Elle essaye d'argumenter pour se libérer de moi. Je vois bien sûr son visage que le feeling ne passe pas. Mais elle va me suivre. Quoi qu'il en coute.

Ni Soren ni Lucas ne se doute que j'ai vu quel snowboard elle avait la dernière fois. Celui d'Emma. Ils ne m'ont pas prévenu par peur de ma réaction. Et heureusement qu'ils ne l'ont pas fait sinon mon père en aurait eu deux mots. Personne ne touche au snowboard d'Emma. Encore moins une touriste. Pour la peine, je lui donnerai mon ancien qui sert tous les quatre ans. Le seul qu'elle mérite.

- On va prendre téléphérique pour monter au glacier

Je suis ravie de voir un semblant de peur sur son visage pour qu'elle comprenne bien qu'on ne rigole pas avec les snowboardeurs.

- C'est comme ça qu'on progresse

Certes pas vraiment pédagogue, mais c'est un peu vrai. Je ne vais pas la laisser sur des pistes de débutants ou pire, je ne vais pas me pavaner avec une élève sur une piste bleue, je mérite mieux. Quand on arrive en haut du glacier, je remarque qu'il y a réellement beaucoup de monde sur les pistes rouges. Peut-être que si je l'amène en hors-piste, on sera plus tranquille.

- Bon, il y a beaucoup de monde sur les pistes même sur la plus facile des rouges, je vais t'amener sur un spot en hors-pistes où on sera seule

Là, je vois bien que c'est une réelle peur qui s'installe sur son visage. Je vais la rassurer quand même un peu, je ne veux pas passer pour un tyran.
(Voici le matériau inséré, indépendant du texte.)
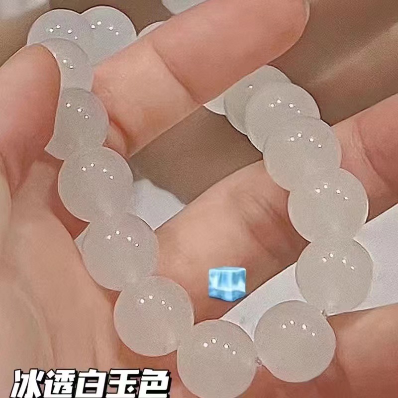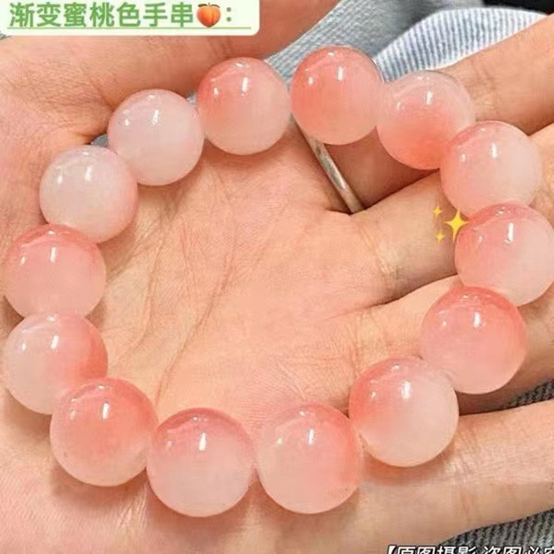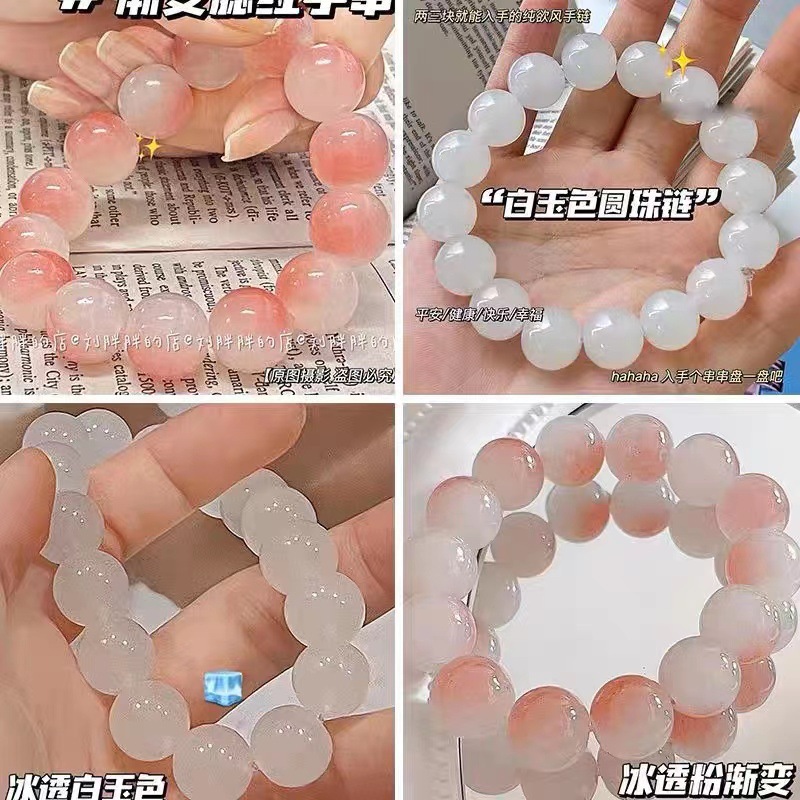 | nameOriginal | Little red book ice through white jade glass bracelet around the finger soft gradient pink student version plate play beads bracelet wholesale |

- Si ! la neige est meilleure et tu pourras tomber sans trop te faire mal

Chose vérifiée par mes nombreuses expériences en hors-piste et puis ce n'est absolument pas dangereux. C'est un hors-piste emprunté par beaucoup. Le hors-piste le plus connu et le plus simple de la station. Par ailleurs, je connais la station mieux que personne. Même si c'est difficile, elle va devoir me faire confiance et moi croire en ses « bases » de snowboard.

- Je t'attends à mi-chemin comme ça je vois comme tu te débrouilles et s'il y a un problème, je remonte ou je te réceptionne

Elle ne se débrouille pas trop mal à vrai dire. Je pensais que cela aller être un boulé et une séance ennuyante, mais finalement, on avance plutôt rapidement même si je fais des pauses toutes les 10 minutes pour l'attendre. À vrai dire, elle me rappelle étrangement mes premières fois en snowboard. Même si j'avais 10 ans. Je vérifie l'heure sur mon téléphone pour calculer le temps qu'il nous reste pour descendre sur la station quand je reçois un vent frais de neige.

- Plus près la prochaine fois, je crie presque

J'ai horreur des arrêts en dérapage à 30 cm de moi et qui en plus ne sont pas propres. Je retire ce que j'ai dit. C'est bien un boulet.

- Ce n'est pas si mal en fait, j'ai réussi, affirme-t-elle presque excitée

- Oui oui bon, on continue, il y a de la descente avant d'arriver à la station, je la calme

Il nous reste une bonne heure de descente avant d'atteindre le rond-point des pistes et vu le nuage menaçant, le reste ne va pas être une partie de plaisir. J'ai beau habiter à la montagne et être habitué à tous les types de temps, le brouillard m'a toujours foutu une de ses trouilles. Ça me rappelle trop ce jour où on a perdu Emma. La sensation revient comme un coup de poing dans le ventre. Je serre les dents et accélère. Je glisse un peu plus vite pour qu'on évite le brouillard à tout prix, je sens Aria derrière qui se plaint de ses chutes, mais je ne m'arrête pas. La peur du brouillard a envahi ma tête trop rapidement et je suis à deux doigts de la crise d'angoisse. Je déteste être hors de contrôle. Je glisse toujours plus vite, sentant la température chuter et ma vision se brouiller. Je suis stoppée net par un cri derrière moi. Je me retourne vivement et plisse les yeux pour mieux voir. Aria n'est plus derrière moi.

- Aria ! je hurle en m'égosillant

Aucune réponse. Aucune silhouette de snowboardeuse dans l'épais brouillard. Je ne vois que du brouillard dense, oppressant. Un méchant mélange de panique de l'avoir perdu et d'angoisse familière, jaillit au plus profond de mes entrailles. Tout me ramène à Emma, à cet accident. Je me mets en boule dans la neige. J'essaye de reprendre ma respiration et de me calmer. Mes doigts froids tremblent sur le clavier de mon téléphone. Je tape frénétiquement le nom de Soren et le téléphone sonne.

- Quoi encore Anaïs ?

Je marque un temps pour respirer et ravaler un sanglot.